But, he adds quickly, it needs to be confirmed by other researchers.

That Sinking Feeling

Lipps and a team of researchers have found evidence that in the years preceding a megathrust earthquake, the coastal area subsides, or sinks, just about a foot. It's subtle, but it shows up clearly in the life and death of tiny microorganisms that dwell right along the high tide line.

Their most compelling evidence was found in Alaska, where a 9.2 magnitude quake struck on Good Friday, 1964, devastating much of Anchorage and a number of other communities and sending a tsunami that killed dozens along the west coast.

The researchers found that between five and 15 years before that deadly quake struck, the coastline near Anchorage sank about a foot.

The subsidence was so gradual that "even people who lived there didn't notice," says David B. Scott, director of the Center for Environmental and Marine Geology at Dalhousie University in Halifax, Nova Scotia.

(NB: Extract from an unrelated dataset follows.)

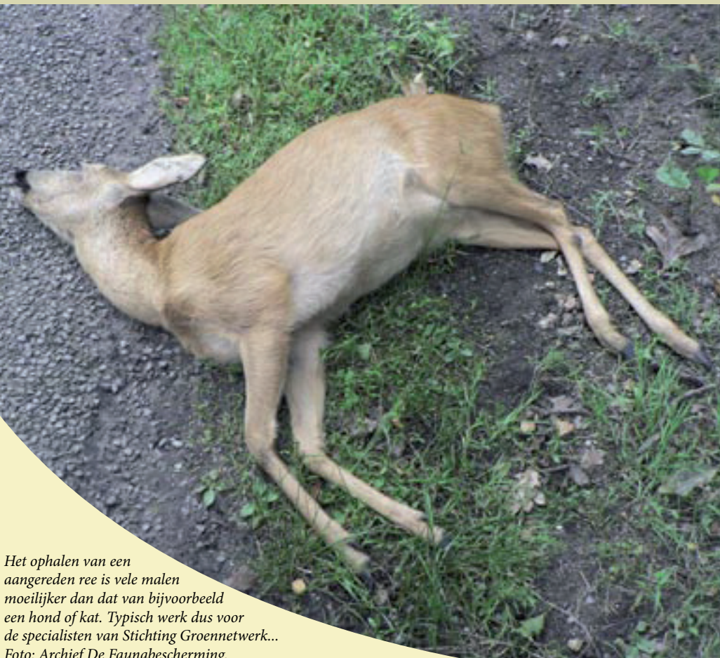
Het ophalen van een aangerezen ree is vele malen moeilijker dan dat van bijvoorbeeld een hond of kat. Typisch werk dus voor de specialisten van Stichting Groennetwerk...

De Faunabescherming heeft het ministerie van LNV met klem verzocht de onderhavige ontheffing met de meeste spoed in te trekken.

A report on the research will be published in the May/June issue of the Geological Society of America Bulletin.

Scott has spent 30 years studying tiny, shell-like creatures called foraminifera and thecamoebians, that are "about the size of a pinhead, or smaller," says Lipps, who like Scott is a micropaleontologist. These organisms live in the freshwater mud along the coast, and are very vulnerable to salt water.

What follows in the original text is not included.